__Task statement__
Go to the line below containing "Prince William, Prince" and print exactly from there through the line containing "The brilliant-cut stones", both included. Print nothing else.

__Exercise data__
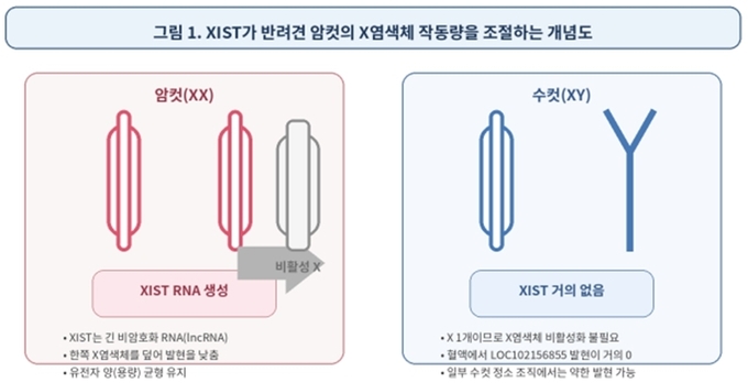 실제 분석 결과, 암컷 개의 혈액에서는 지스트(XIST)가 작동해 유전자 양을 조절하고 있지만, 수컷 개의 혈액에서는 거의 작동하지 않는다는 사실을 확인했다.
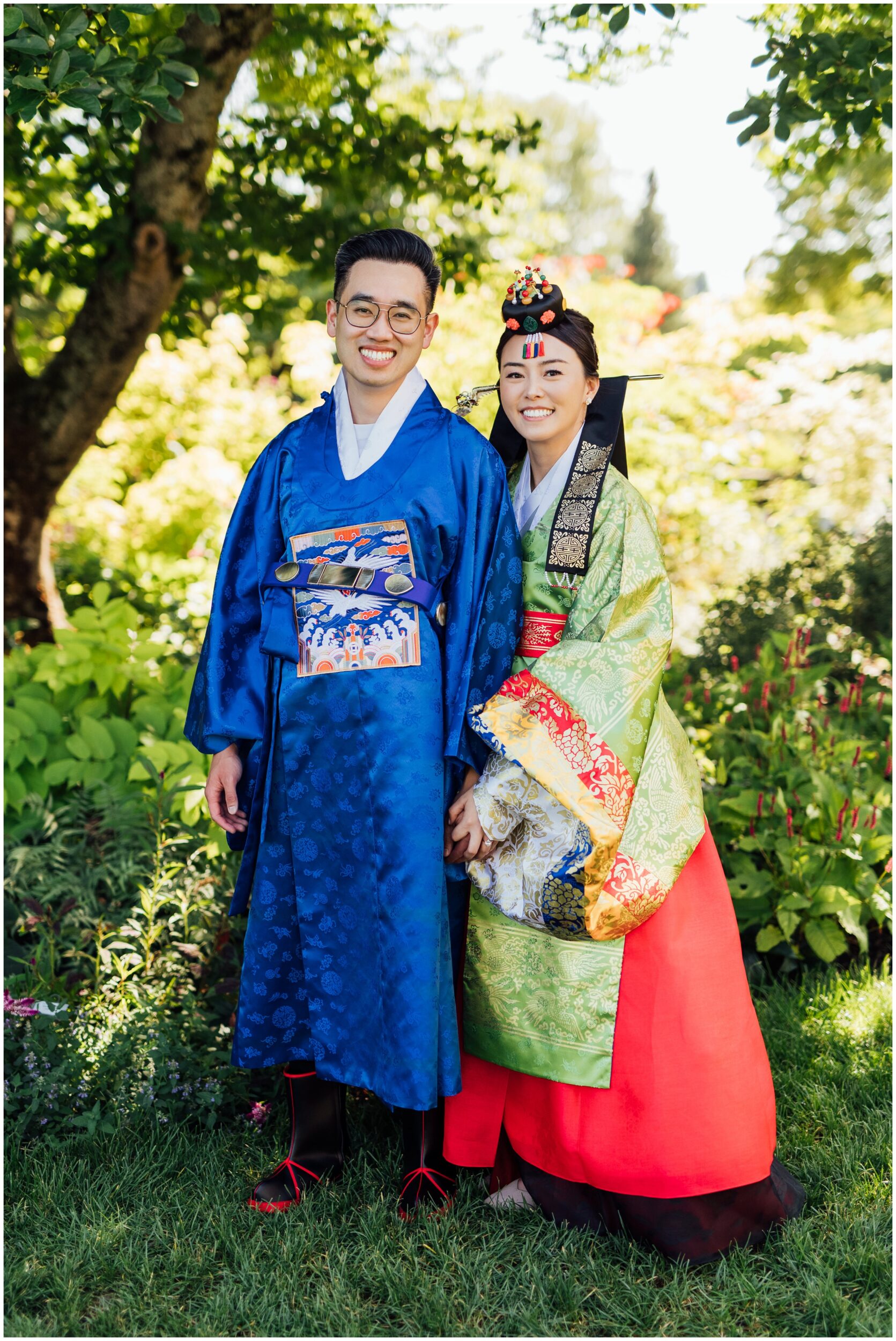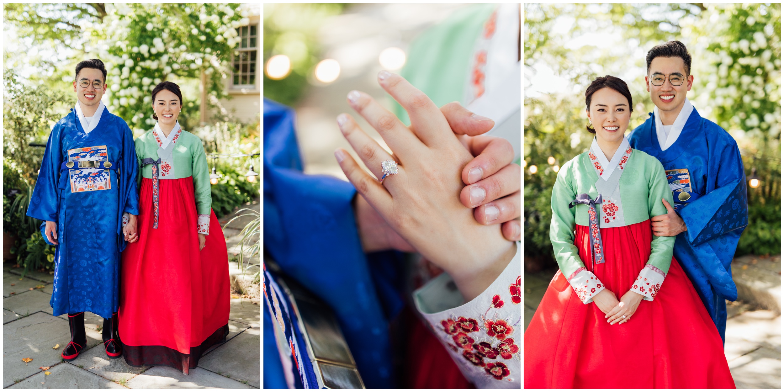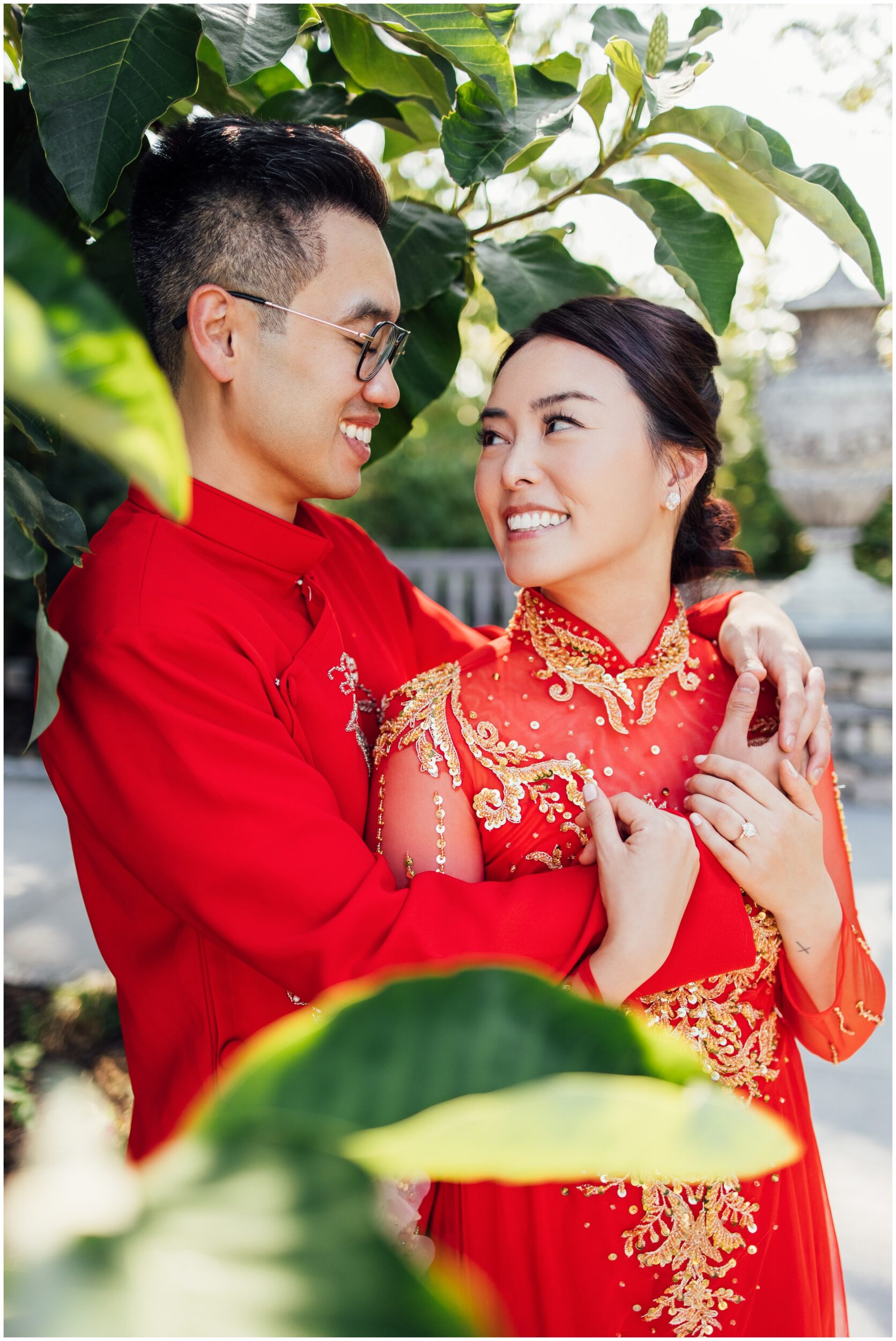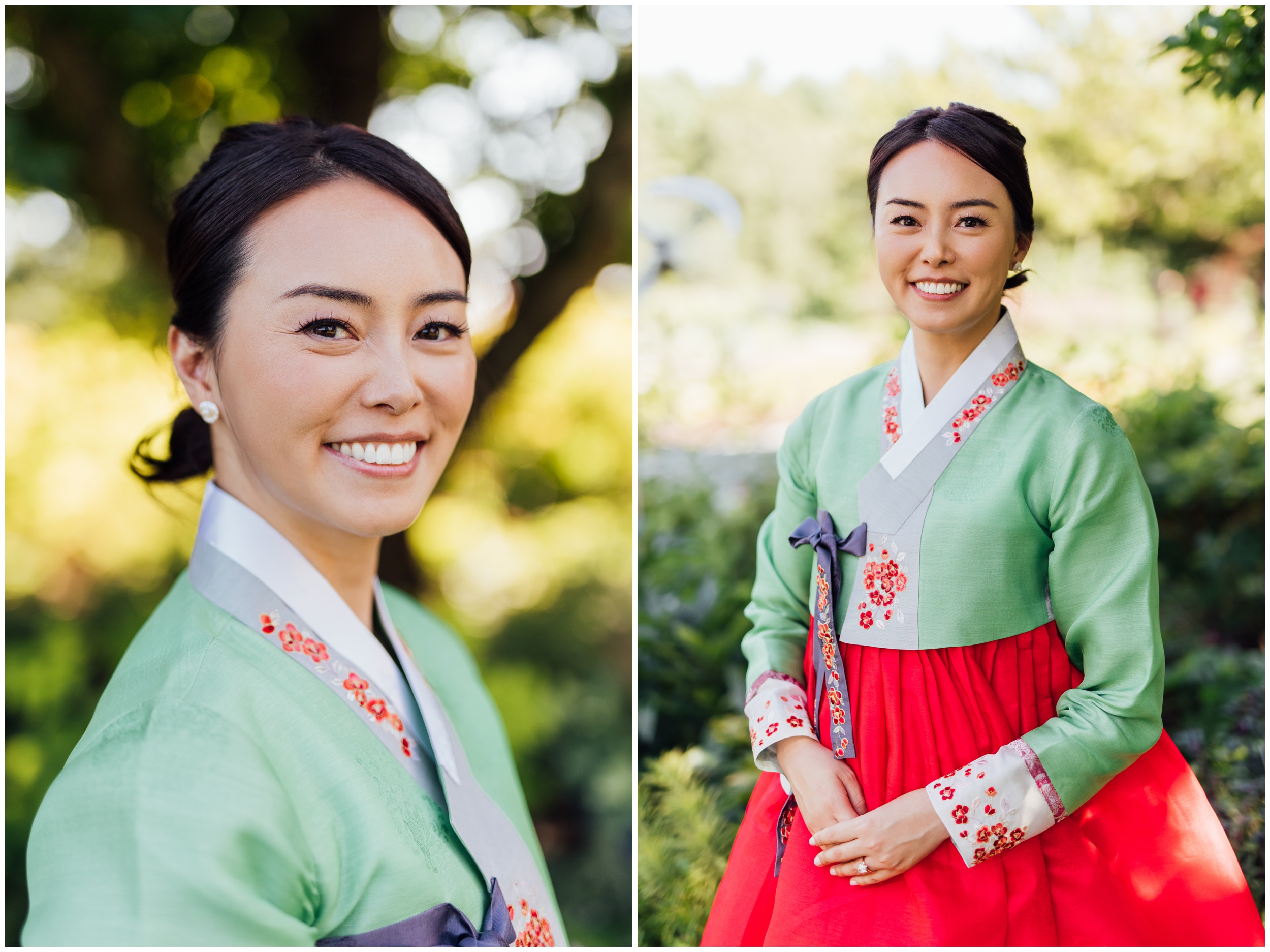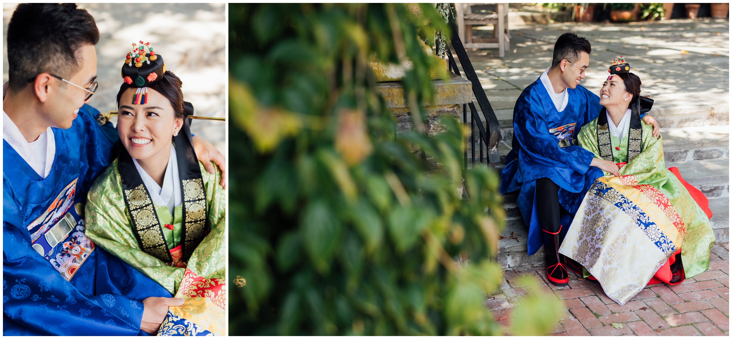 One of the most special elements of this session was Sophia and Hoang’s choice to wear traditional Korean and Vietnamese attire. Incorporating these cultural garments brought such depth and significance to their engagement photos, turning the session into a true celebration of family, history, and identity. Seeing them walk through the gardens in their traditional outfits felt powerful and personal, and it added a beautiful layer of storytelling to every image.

--

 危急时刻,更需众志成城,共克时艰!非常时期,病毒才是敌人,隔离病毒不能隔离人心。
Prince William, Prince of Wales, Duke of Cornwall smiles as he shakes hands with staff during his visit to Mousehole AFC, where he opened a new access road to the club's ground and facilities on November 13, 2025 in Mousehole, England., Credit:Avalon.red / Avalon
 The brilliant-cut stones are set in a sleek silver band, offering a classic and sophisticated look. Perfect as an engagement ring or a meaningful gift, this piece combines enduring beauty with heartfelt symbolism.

__Answer to this problem__
Prince William, Prince of Wales, Duke of Cornwall smiles as he shakes hands with staff during his visit to Mousehole AFC, where he opened a new access road to the club's ground and facilities on November 13, 2025 in Mousehole, England., Credit:Avalon.red / Avalon
 The brilliant-cut stones are set in a sleek silver band, offering a classic and sophisticated look. Perfect as an engagement ring or a meaningful gift, this piece combines enduring beauty with heartfelt symbolism.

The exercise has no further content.